Study On Gas-Liquid Ejection Launcher Design And Dynamic Characteristics

Ejection mechanism is used in important military field. In order to improve the invisible performance of fighter, the missile should be hidden completely. Thus an advanced launcher should be designed to ensure the missiles fired safely and flight into the ideal status after be fired. As more and more computer technology are applied in hydraulic control field, there is a trend that hydraulic control technology and component should be digital. In this thesis, a new gas-liquid ejection launcher is designed. In the gas-liquid ejection system, the 2D digital valve is used as the control component which plays a substantial role on the system performance.In this thesis, the mathematical model of ejection mechanism is established, and simulation with Runge-Kutta method is carried out on software MATLAB, at the end the experiment is finished. The results show that the system has many advantages such as maintenance-free——the power of ejection mechanism is from aircraft hydraulic system; the hydraulic energy can be converted into compressed accumulator's gas energy through the hydraulic lines (this process lasted only a few seconds) without added energy; smooth motion; insensitive to environment temperature changes; single-chip motion reliable, parameters adjustment flexible and multi-level speed control.

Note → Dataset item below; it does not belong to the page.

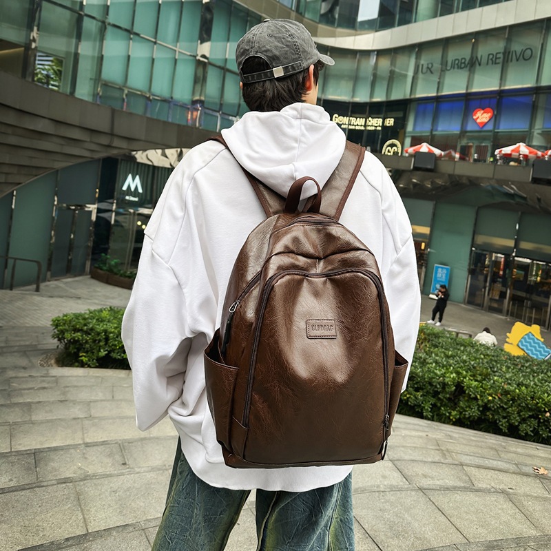 潮クールpu皮質感ランドセル男性大学生カバンとキャンプ通勤短距離旅行防水バックパック男性個性

The main contents of this thesis are listed as follows:Chapter 1, in this chapter some relevant information about the history and trend of this research are summarized, and then the purpose, meaning and creative point of this thesis are introduced.Chapter 2, in this chapter the structure of gas-liquid ejecting mechanism and 2D digital valve are introduced. After that the properties of 2D digital valve are verified.Chapter 3, in this chapter the mathematical model of this system is established, which is also simulated with Runge-Kutta method on software MATLAB.Chapter 4, in this chapter experimental system of gas-liquid ejecting mechanism is established and studied.Chapter 5, in this chapter the results are summarized and the prospects of this thesis are proposed.